Delaware Liberal

Wall Street Welfare

As it is called by E.J.Dionne in what is likely the last word on corporate America’s newly found use for government and Wall Street’s currently hypocritical stance towards government and its utility:

Never do I want to hear again from my conservative friends about how brilliant capitalists are, how much they deserve their seven-figure salaries and how government should keep its hands off the private economy.

The Wall Street titans have turned into a bunch of welfare clients. They are desperate to be bailed out by government from their own incompetence, and from the deregulatory regime for which they lobbied so hard. They have lost “confidence” in each other, you see, because none of these oh-so-wise captains of the universe have any idea what kinds of devalued securities sit in one another’s portfolios.

Of course, plenty of conservatives will make the case that to let the Market be damaged, damages all of us. They may be right, but they’ll be tone deaf to the fact that they are hijacking the position of folks who want to preserve some portion of the social safety net. They’ll keep lobbying not just for bailouts, but for their endless subsidies which conservatives will continue to support, because the American conservative vision of free markets always needs a government handout.

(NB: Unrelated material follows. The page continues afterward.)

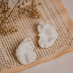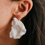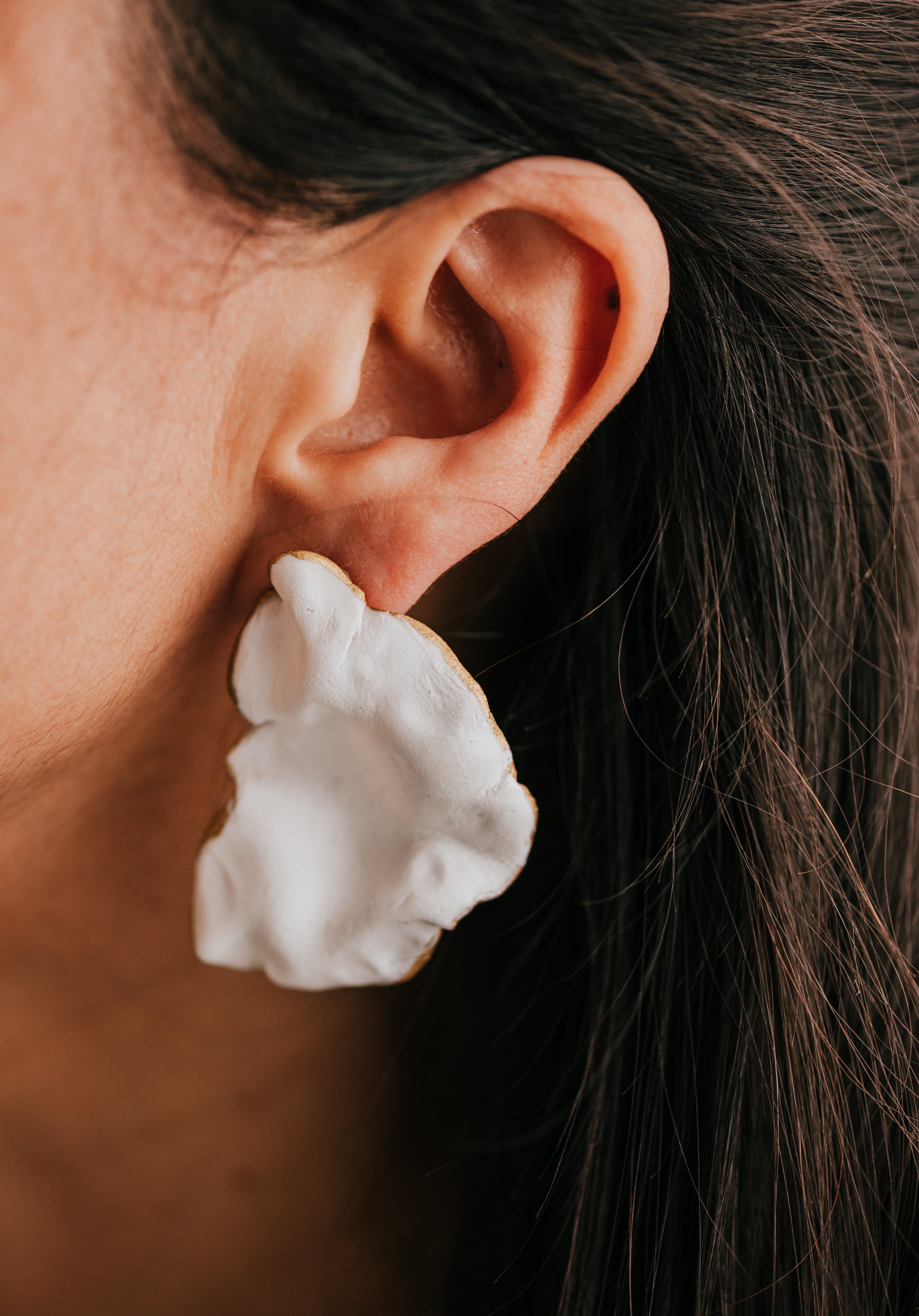 Azahara es un pendiente moldeado a mano en porcelana fría con forma de hoja estilizada. Su silueta orgánica, que recorre el lóbulo como una lágrima de la naturaleza, está esmaltada en blanco con un delicado ribete dorado que realza su forma y añade luz al rostro.

And while conservatives continue to argue for the transfer of taxpayer funds to corporations that simply don’t need it, they’ll continue to try to bamboozle the rest of us with the idea that somehow we are all getting paid way too much, have overly costly benefits, will cost too much at retirement (and are, therefore, the real cause for the failure of these businesses).

While I understand what Bernanke was trying to do with this bailout, I don’t think that he went far enough. If the Fed is to provide a safety net to these corporations, they should get something in return — including the removal of the management team that got the firm to needing the bailout AND a restructuring of labor and other obligations that minimizes the overall risk to taxpayers taking on this new business risk.